I've been following the development of prediction markets with considerable interest over the past few years. These are markets in which the opinions of many engaged experts are combined, the notion being that their combined opinion will be a better predictor of a future outcome than the opinion of any one of them. It's a notion that has proved right on many occasions.
One relatively simple circumstance in which it's possible to provide a mathematical proof of the 'wisdom of crowds' is where we have a number of judges, each making a binary prediction - for example, that team A wins or loses - and we combine those judges' individual votes to come up with a final prediction. The Condorcet Jury Theorem tells us that if each judge has a probability of being correct that is greater than 1/2 and if every judge's vote is statistically independent of all other judge's, then the more judges we have the greater is the probability that their combined vote with be correct. In fact, as the number of judges increases, the probability of their combined prediction being correct tends monotonically to 1.
Now let's get practical and think about how we might apply this result to the challenge of predicting line winners.

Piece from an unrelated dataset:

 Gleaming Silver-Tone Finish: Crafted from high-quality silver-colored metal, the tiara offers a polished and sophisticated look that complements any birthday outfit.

Finding a large - preferably infinite - number of footy 'judges', each of whom is guaranteed to tip line winners at a rate in excess of 50%, is problematic. In practice, the real question is: how many judges do we need such that, when combined, their predictions are correct more than about 53% of the time, which is the success rate that we need to overcome the vig on the $1.90 market price in line betting?
To answer this, it turns out, we need to know two things about the judges:
- How accurate are they each individually (I'll assume they all have the same accuracy rate)?

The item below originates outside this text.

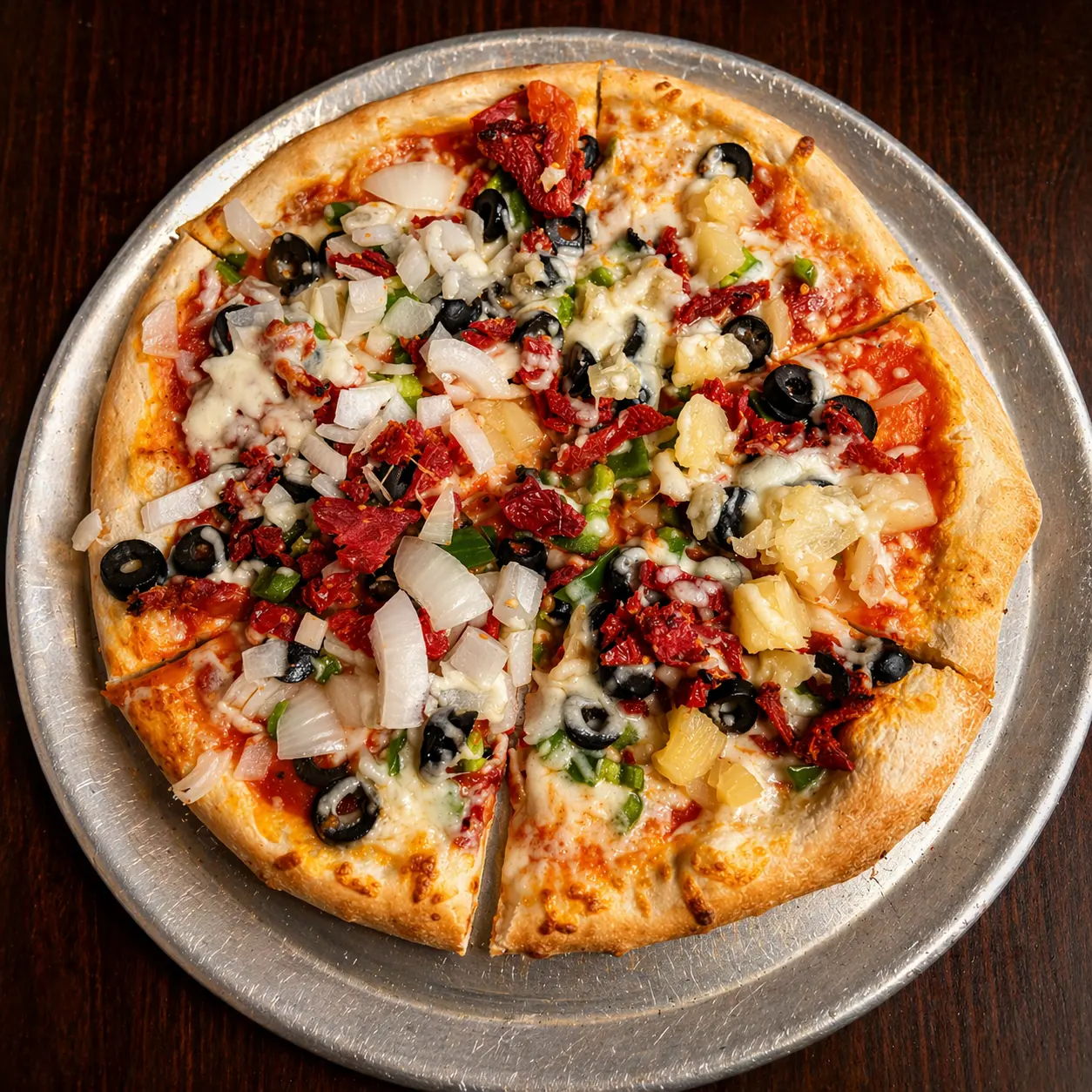 Pepperoni, Italian sausage, beef, artichokes, olives, peppers, onion, mushrooms, and diced tomato. A whole pie's worth of toppings.

- How often do they both tip correctly? (I'll also assume that this is the same figure for all pairs of judges)
Armed with those assumptions, it's not hard to simulate the combined performance of the ensemble of judges, which is what I've done to produce the following chart.

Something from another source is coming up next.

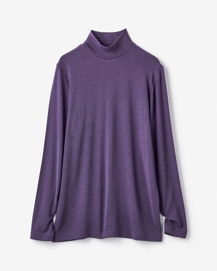 ニットの下に着る為に購入しました。タートルネックだと、首が窮屈に感じる事があるので、ハイネックがよいかなと。

(As usual, please click on the chart for a larger version).
Each panel in the chart corresponds to a particular number of judges and a particular accuracy rate for each judge. So, for example, the top left panel, which is labelled (3, 0.510) is the chart for 3 judges each of whom tips at a 51% accuracy rate. Within each panel, the rate at which any pair of tipsters co-predict winners runs from left to right (it's the axis labelled 'Both') and the overall accuracy of the ensemble runs from top to bottom (it's the axis labelled 'Rate'). Every point on each chart is based on 200,000 simulated predictions.
In general, an ensemble is more accurate if:
- it contains more judges
- each judge is more accurate
- any pair of judges is less likely to co-predict a winner (statistically, this means that the less correlated are the predictions of any pair of judges, the better is the ensemble. It's the power of asset diversification in prediction form.)
It is possible to build a profitable ensemble of line-result predicting models with only 3 underlying models, but they'd each need to be correct 52.5% of the time or more, and the rate at which they co-predicted winners would need to be less than 35%.
If we could find as many as 11 models with the requisite characteristics, we could profit with an accuracy rate for each model of 'just' 52% and a winner co-prediction rate of less than 35%.
How might one go about creating such an ensemble of models? One approach would be to come up with as many variables as you can think of that could be predictive of line betting results and then build a number of models each using only a subset of those variables. The subsetting should reduce the winner co-prediction rate across models, though ensuring that each resultant model had an acceptably high accuracy rate is likely to be a challenge.
Nonetheless, it's an interesting approach ... maybe next year.